Эдвард еще какое-то время хмурился, потому что она его не убедила. Но потом не выдержал и рассмеялся. Может быть, в жизни есть место и для женской логики, а не только для его рассудительности.
Он поцеловал Анджелину, причем на это потребовалось неопределенное количество минут (но кто считает?), а потом неохотно отодвинулся от нее.
— Мы должны остановиться, пока я еще в состоянии, — сказал он. — Нельзя заходить дальше, по крайней мере, сегодня ночью. Должно быть, тебе очень больно.
— Чуть-чуть, — призналась она. — Но это приятно.
— Приятно не будет, — заверил ее Эдвард, — если я снова попытаюсь изобразить из себя великого любовника.

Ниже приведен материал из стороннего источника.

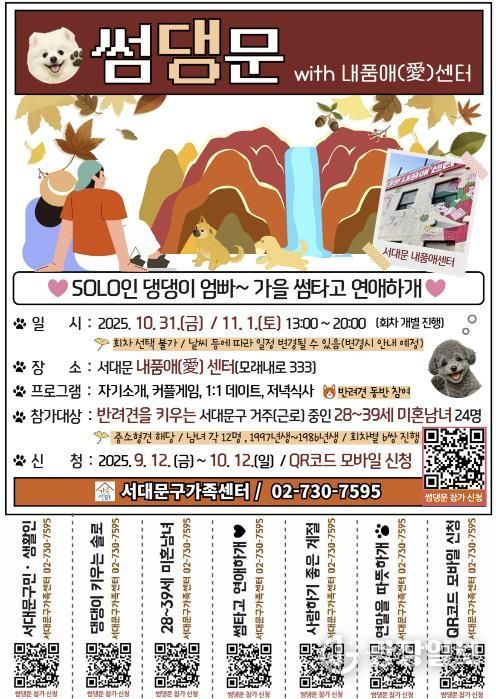 광장일보 주리아 기자 | 서대문구는 서대문구가족센터가 10월 31일과 11월 1일 서대문 내품애(愛)센터(모래내로 333)에서 반려견을 키우는 미혼남녀 만남 행사 ‘썸댕문 with 내품애센터’를 개최한다고 17일 밝혔다.
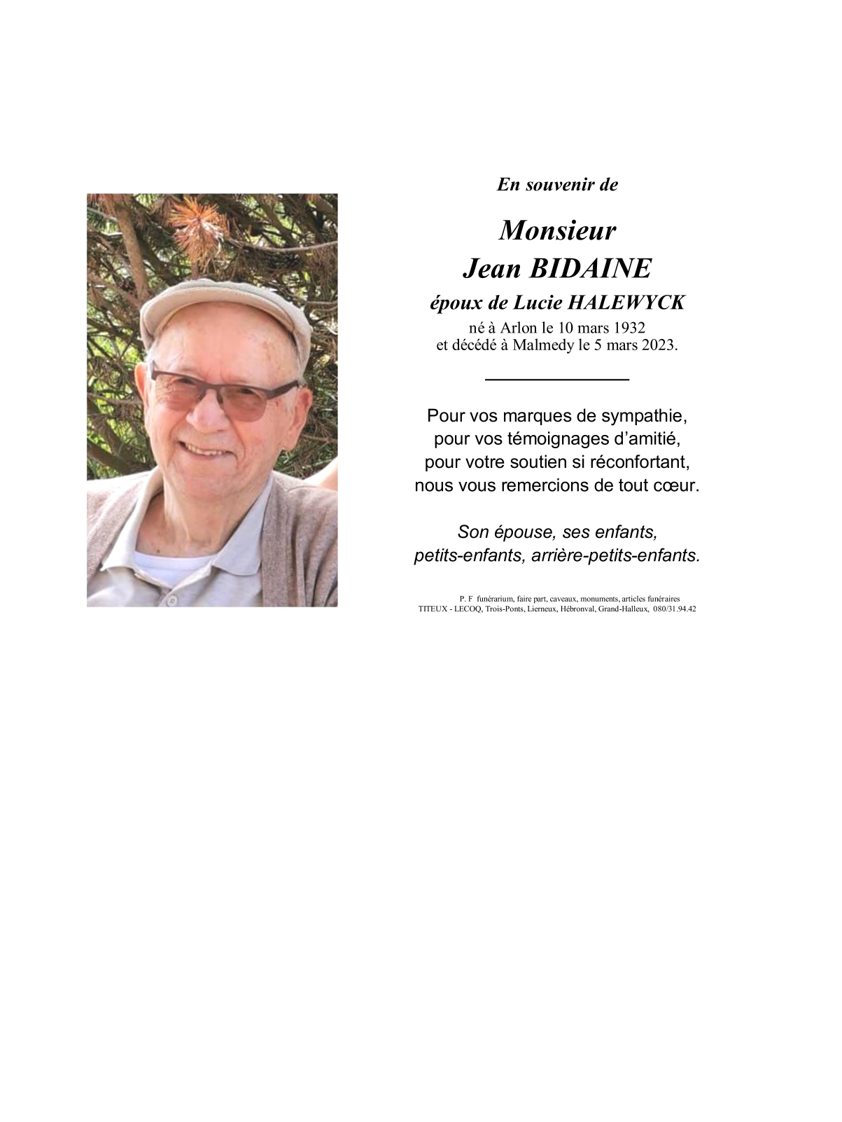 Overleden te Malmedy (4960) op zondag 5 maart 2023 op 90-jarige leeftijd
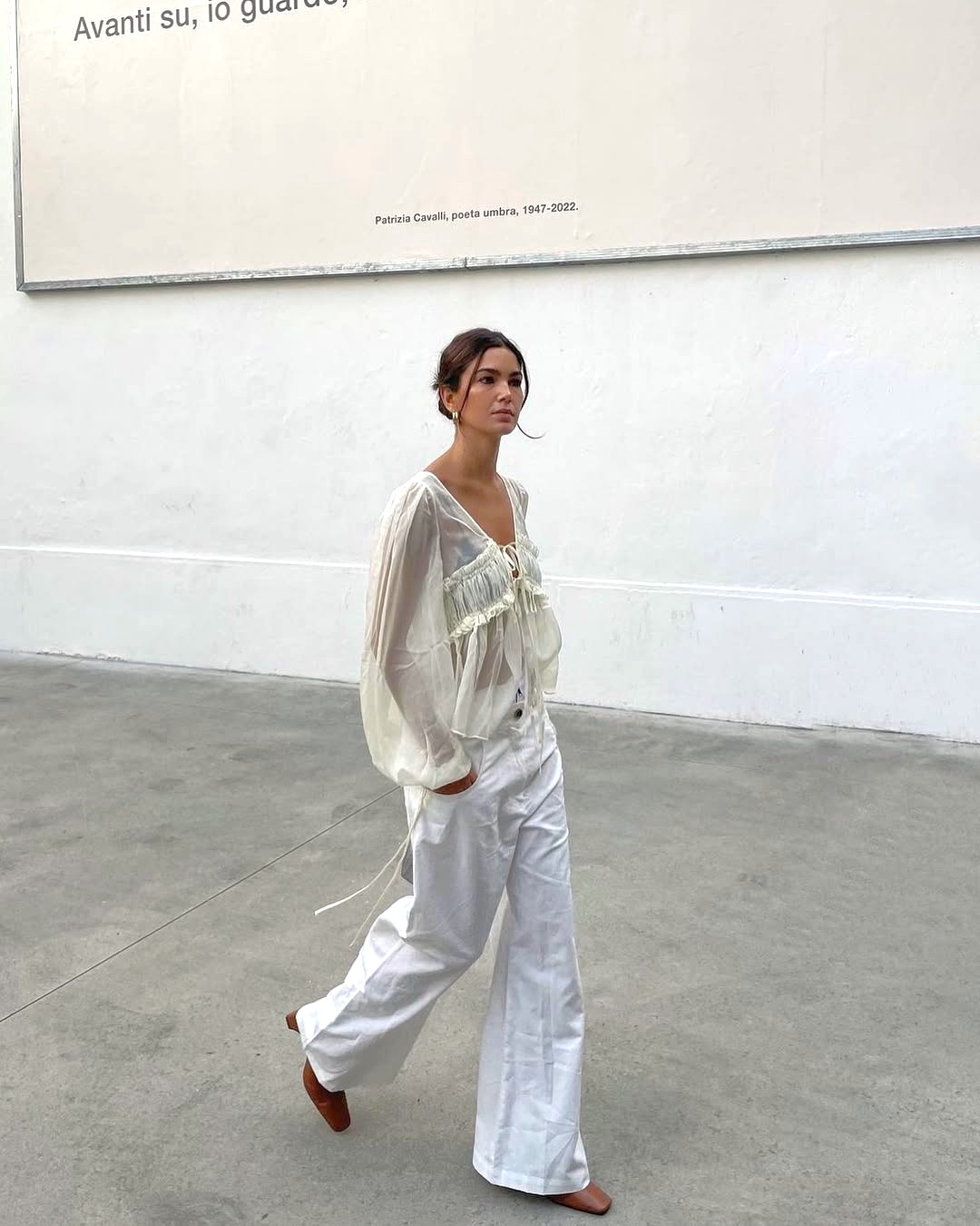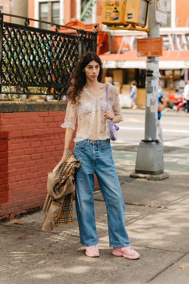 찬 바람 쌩쌩 부는 날씨에는 엄두를 못 냈던 시스루 블라우스부터 시도해보세요. 선택지가 다양하니 체형에 어울리는 걸로 고르면 됩니다. 상의가 가볍고 비칠수록 하의는 묵직하게 잡아주는 게 좋습니다. 1990년대 나오미 캠벨도, 2026년 거리 위의 멋쟁이도 청바지를 조합한 이유가 여기에 있죠. 무심하게 툭 입어주면 노출이 아니라 텍스처가 강조됩니다. 시크한 분위기를 내고 싶다면 블랙, 사랑스러운 분위기를 내고 싶다면 화이트로 시작해보세요.

— Пожалуй, не будет, — согласилась она.
— Ты хочешь есть? — спросил он.
— Просто умираю с голоду!
Эдвард скатился с нее и спустил ноги на пол. Встав, он подошел к умывальнику.
— Лежи на месте, — велел он. — Я тебя вымою.
— О, — пискнула Анджелина.
Он подошел к кровати с мокрой салфеткой и кувшином. Она окинула взглядом его голое тело и улыбнулась.
— Знаешь, Эдвард, я тебя ужасно люблю. Жаль, что мне не хватает слов.
А может, оно и к лучшему, а то она бы так и не сумела замолчать.
— Если бы такие слова были, — произнес он, присаживаясь на край кровати и принимаясь за дело, — я бы их тебе сказал, Энджи.
Юнис очень прямо сидела в карете, почти не прикасаясь спиной к подушкам. Ступни аккуратно сдвинуты. Руки одна на другой лежат на коленях, и она на них смотрит.
Лорд Уиндроу удобно раскинулся на сиденье напротив, надвинув шляпу на прикрытые глаза. Но из-под полуприкрытых век он внимательно за ней наблюдал.
Они только что попрощались с его матерью и теперь ехали обратно в Холлингс. По дороге придется остановиться в гостинице «Павлин», чтобы забрать своих лошадей и проверить, там ли еще Хейворд и леди Анджелина Дадли.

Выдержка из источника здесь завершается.